### GIVEN INFORMATION

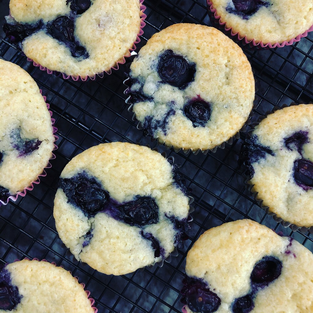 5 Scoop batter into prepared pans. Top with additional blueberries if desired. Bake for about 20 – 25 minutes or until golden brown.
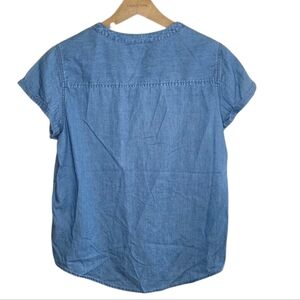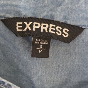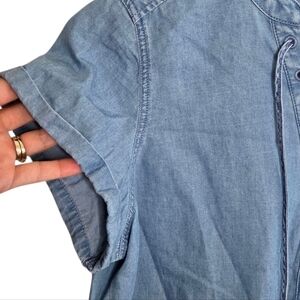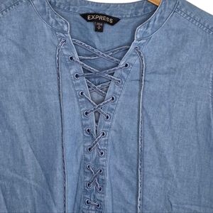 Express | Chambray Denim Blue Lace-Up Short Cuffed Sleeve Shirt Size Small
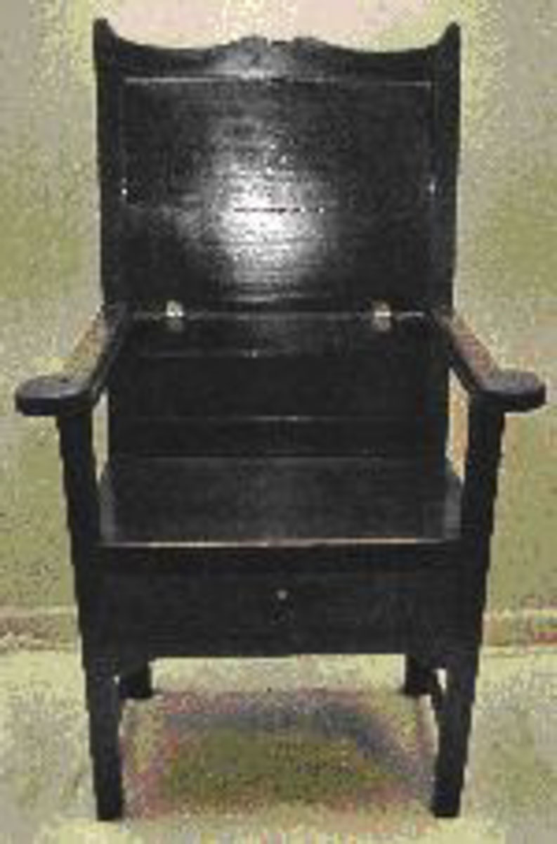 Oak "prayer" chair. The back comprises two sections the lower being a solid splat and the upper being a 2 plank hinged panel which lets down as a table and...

### ASSIGNMENT
Up to and including the line containing "Express | Chambray", repeat every line from the start of the data, but none of the pictures.

### RESPONSE FOR THIS EXERCISE
 5 Scoop batter into prepared pans. Top with additional blueberries if desired. Bake for about 20 – 25 minutes or until golden brown.
 Express | Chambray Denim Blue Lace-Up Short Cuffed Sleeve Shirt Size Small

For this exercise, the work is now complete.